POUDRE VALLEY HOSPITAL DISTRICT, dba Poudre Valley Memorial Hospital, Plaintiff-Appellant,
v.
Kenneth B. HECKART, Defendant-Appellee.
No. 70-451.
Colorado Court of Appeals, Div. I.
December 14, 1971.Hill & Hill, Alden V. Hill, Fort Collins, for plaintiff-appellant.
Fischer & Wilmarth, Timothy W. Hasler, Fort Collins, for defendant-appellee.

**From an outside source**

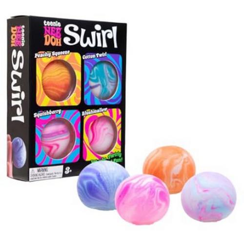 The NeeDoh Teenie Swirl Squeeze Toy 4-Pack brings colorful swirl designs together with classic squishy fun. Each mini squeeze toy features a smooth outer shell and soft, dough-filled center that delivers satisfying sensory feedback with every squeeze. Their compact size makes them perfect for stress relief, fidgeting, party favors, or on-the-go play.

Not Selected for Official Publication.
PIERCE, Judge.
This is an appeal of an action on account by Poudre Valley Hospital District (the hospital) against defendant for hospital care given his daughter, LaDonna Heckart, during her minority. The record indicates that LaDonna's mother, Frances Heckart, and defendant were divorced by a Wyoming decree in 1959. Mrs. Heckart was given custody of the children, including LaDonna. Defendant was ordered to pay child support.

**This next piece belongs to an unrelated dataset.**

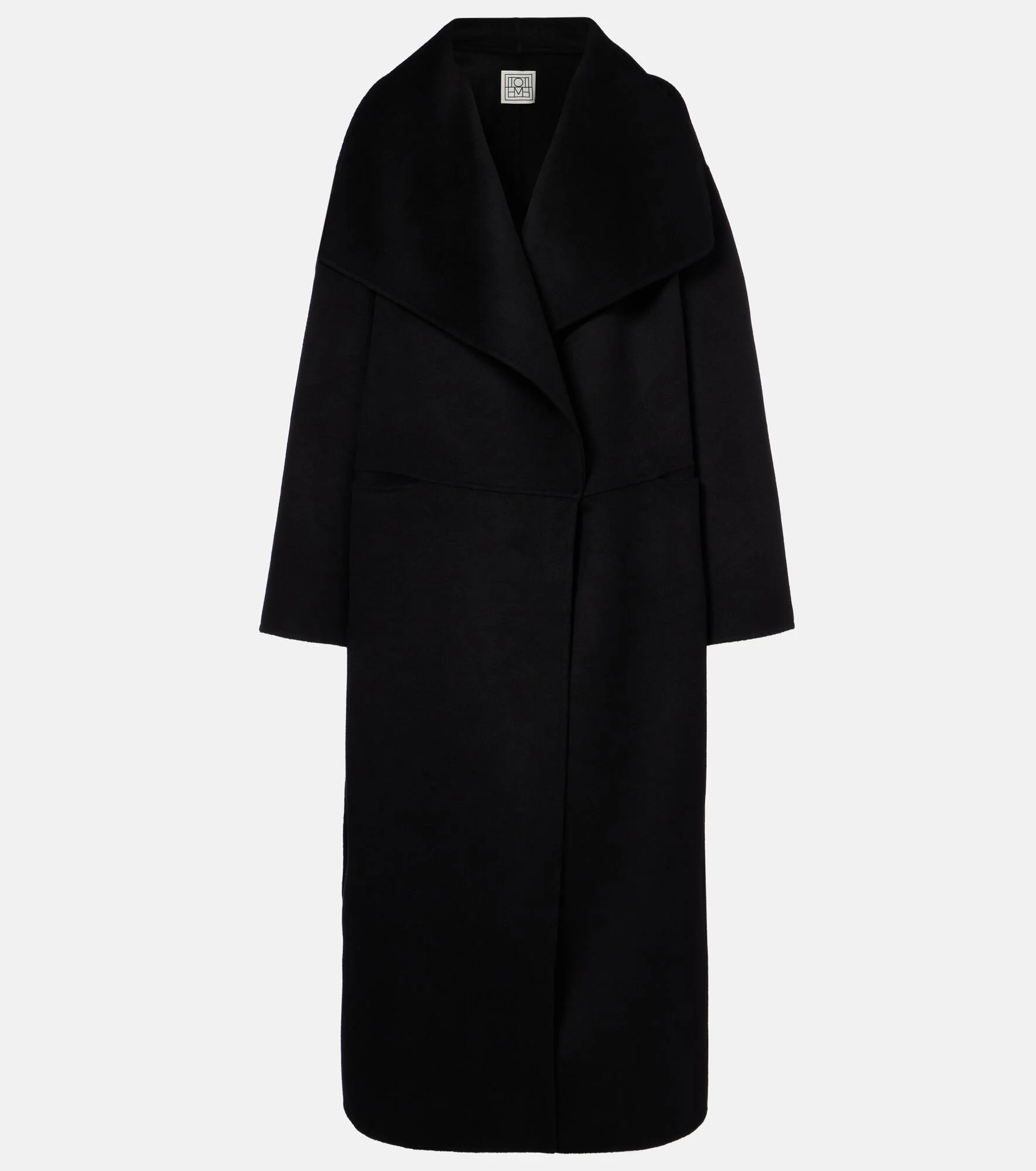 Define your dress code with styles from Toteme, a Stockholm-based brand dedicated to creating a modern uniform. Shaped into a soft oversized silhouette, this elegant coat is crafted from two fine layers of wool and cashmere to achieve a double-faced finish. Product Details - Material: 90% wool, 10% cashmere - Care instructions: dry clean - Made in China - Designer color name: Black - Item color: black - Lining: 100% viscose - Pockets: welt pockets - Closure: open front - Vent: double - Item number: P01102038 Size & Fit - Fits large to size - we recommend trying one size smaller - Dropped shoulders - Oversized - Non-stretchy fabric - The model seen in the picture is 178cm-5'10" and wearing a size XS

Shortly after the divorce, the defendant moved to Fort Collins, Colorado. LaDonna remained with her mother in Laramie, Wyoming, until her graduation from high school in June 1967; then she moved to Fort Collins to live with her father. While in Fort Collins, LaDonna worked at a department store and supported herself. Thereafter, LaDonna and her father had a disagreement which arose out of the conduct *985 of her social life and, according to her father's testimony, she was given the choice of abiding by his will or moving out. She chose to do the latter and left defendant's home. LaDonna moved into a mobile home which she shared with a girl friend until she was admitted to the plaintiff hospital for treatment of diabetes.
The trial court found that during the period immediately preceding her entry into the hospital, LaDonna supported herself and led an adult existence. She was subject to no parental control and received no support from either her mother or father. There is no evidence that the defendant consented to LaDonna's treatment by the hospital or that he agreed to pay any part of the expenses incurred therefor.

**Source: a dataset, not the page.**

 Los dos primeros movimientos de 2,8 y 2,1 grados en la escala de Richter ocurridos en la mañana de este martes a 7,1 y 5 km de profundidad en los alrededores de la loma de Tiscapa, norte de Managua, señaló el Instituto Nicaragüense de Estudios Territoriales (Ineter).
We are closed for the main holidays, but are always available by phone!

It is the hospital's contention that the trial court erred in finding that the defendant's daughter was emancipated. Further, it is their position that even if emancipation could properly be found, such emancipation was only partial and the defendant was not thereby relieved of his liability to pay LaDonna's hospital expenses. They assert that a total emancipation can occur only where there is a complete break in filial ties. See County of Alameda v. Kaiser, 238 Cal.App.2d 815, 48 Cal.Rptr. 343; Porter v. Powell, 79 Iowa 151, 44 N. W. 295; Lufkin v. Harvey, 131 Minn. 238, 154 N.W. 1097.
The existence of an implied emancipation is a factual question depending upon the circumstances arising in each case. Crosby v. Crosby, 230 App.Div. 651, 246 N.Y.S. 384; Robinson v. Ebert, 180 Wash. 387, 39 P.2d 992. Although we might have decided the case differently, there is sufficient factual basis in the record to support the trial court's determination that a complete emancipation had occurred. Buxton v. Bishop, 185 Va. 1, 37 S.E.2d 755; Simmons v. Stewart, 198 Ky. 330, 248 S.W. 892. H. Clark, Domestic Relations § 8.3; see Annot., 32 A.L.R.3d 1055; and Annot., 165 A.L.R. 723. The trial court was correct in holding that this emancipation relieved the defendant of his common-law duty to supply his daughter with necessaries and of his liability to the plaintiff hospital for providing medical care without his prior consent or approval. Buxton v. Bishop, supra.
Plaintiff's further assignments of error were waived upon oral argument.
Judgment affirmed.
SILVERSTEIN, C. J., and ENOCH, J., concur.